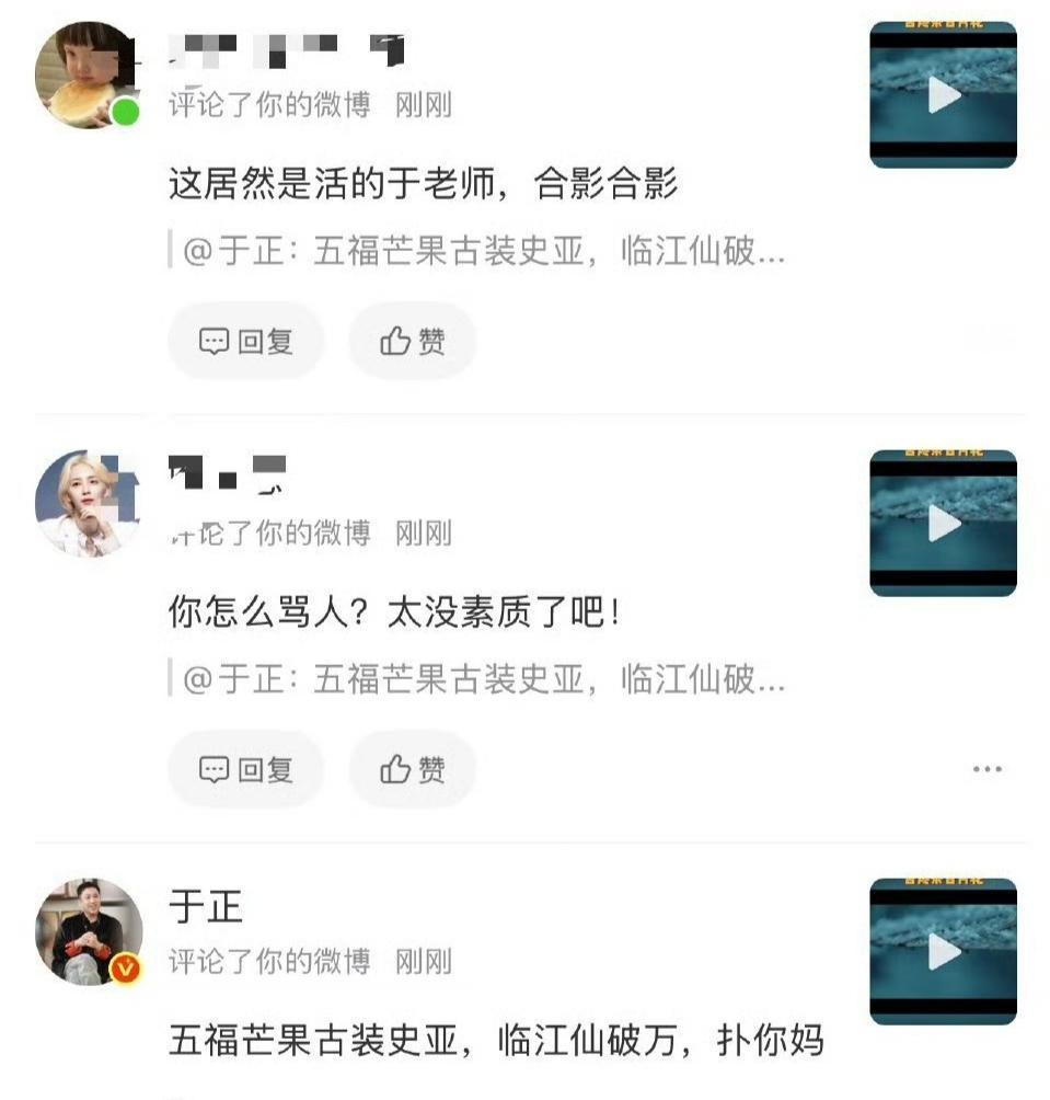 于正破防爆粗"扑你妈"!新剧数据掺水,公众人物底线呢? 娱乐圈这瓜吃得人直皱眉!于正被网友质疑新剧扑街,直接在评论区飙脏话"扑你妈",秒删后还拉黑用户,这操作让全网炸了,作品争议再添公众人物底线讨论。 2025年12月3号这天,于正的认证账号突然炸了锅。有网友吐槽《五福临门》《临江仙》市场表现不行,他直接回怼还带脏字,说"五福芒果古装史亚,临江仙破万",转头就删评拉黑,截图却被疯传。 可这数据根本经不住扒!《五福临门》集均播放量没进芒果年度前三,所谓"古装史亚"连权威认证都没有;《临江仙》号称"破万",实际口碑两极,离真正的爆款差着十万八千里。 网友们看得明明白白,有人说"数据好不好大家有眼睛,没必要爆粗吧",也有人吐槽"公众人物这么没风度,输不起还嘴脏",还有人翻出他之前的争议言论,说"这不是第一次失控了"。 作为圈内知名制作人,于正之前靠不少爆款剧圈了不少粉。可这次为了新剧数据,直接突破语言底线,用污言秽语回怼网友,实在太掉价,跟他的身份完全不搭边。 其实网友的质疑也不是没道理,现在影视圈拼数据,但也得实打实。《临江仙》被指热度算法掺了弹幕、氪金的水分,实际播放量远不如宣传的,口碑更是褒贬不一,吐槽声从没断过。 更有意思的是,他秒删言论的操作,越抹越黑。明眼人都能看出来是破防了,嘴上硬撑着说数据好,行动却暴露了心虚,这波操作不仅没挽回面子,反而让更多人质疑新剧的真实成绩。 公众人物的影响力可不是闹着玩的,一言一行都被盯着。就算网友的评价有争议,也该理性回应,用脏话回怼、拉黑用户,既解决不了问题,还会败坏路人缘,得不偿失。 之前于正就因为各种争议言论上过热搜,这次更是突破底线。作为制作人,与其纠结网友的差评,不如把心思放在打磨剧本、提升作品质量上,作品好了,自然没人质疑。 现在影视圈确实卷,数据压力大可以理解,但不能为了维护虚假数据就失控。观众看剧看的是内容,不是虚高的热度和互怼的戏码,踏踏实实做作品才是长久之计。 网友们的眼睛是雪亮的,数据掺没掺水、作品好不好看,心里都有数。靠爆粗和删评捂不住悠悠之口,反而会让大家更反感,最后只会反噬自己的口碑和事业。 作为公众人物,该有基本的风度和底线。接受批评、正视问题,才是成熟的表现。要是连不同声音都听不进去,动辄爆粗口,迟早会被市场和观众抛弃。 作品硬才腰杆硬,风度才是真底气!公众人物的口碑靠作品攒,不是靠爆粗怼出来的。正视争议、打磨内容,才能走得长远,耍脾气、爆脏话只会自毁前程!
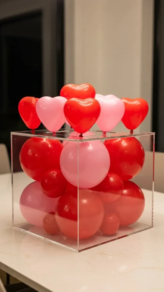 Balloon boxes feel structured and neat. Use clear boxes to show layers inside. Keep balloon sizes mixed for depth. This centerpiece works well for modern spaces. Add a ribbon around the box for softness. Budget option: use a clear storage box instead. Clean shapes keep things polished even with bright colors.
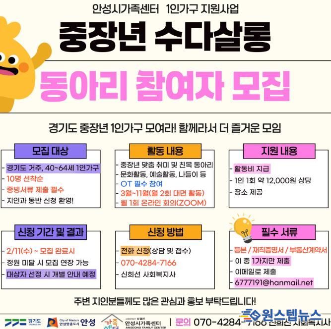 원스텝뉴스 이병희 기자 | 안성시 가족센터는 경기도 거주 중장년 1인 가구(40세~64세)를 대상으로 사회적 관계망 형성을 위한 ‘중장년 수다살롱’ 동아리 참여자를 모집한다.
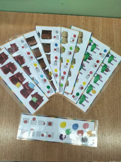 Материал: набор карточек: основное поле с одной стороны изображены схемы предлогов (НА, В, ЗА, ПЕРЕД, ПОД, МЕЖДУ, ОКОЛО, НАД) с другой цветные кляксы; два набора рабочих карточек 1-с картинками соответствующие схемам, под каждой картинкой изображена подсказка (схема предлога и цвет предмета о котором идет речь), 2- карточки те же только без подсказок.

◆ What you will do: Return nothing except the lines from the one containing "원스텝뉴스 이병희 기자" through the final line of the data, copied exactly. Leave out all pictures.

◆ Result of the exercise:
 원스텝뉴스 이병희 기자 | 안성시 가족센터는 경기도 거주 중장년 1인 가구(40세~64세)를 대상으로 사회적 관계망 형성을 위한 ‘중장년 수다살롱’ 동아리 참여자를 모집한다.
 Материал: набор карточек: основное поле с одной стороны изображены схемы предлогов (НА, В, ЗА, ПЕРЕД, ПОД, МЕЖДУ, ОКОЛО, НАД) с другой цветные кляксы; два набора рабочих карточек 1-с картинками соответствующие схемам, под каждой картинкой изображена подсказка (схема предлога и цвет предмета о котором идет речь), 2- карточки те же только без подсказок.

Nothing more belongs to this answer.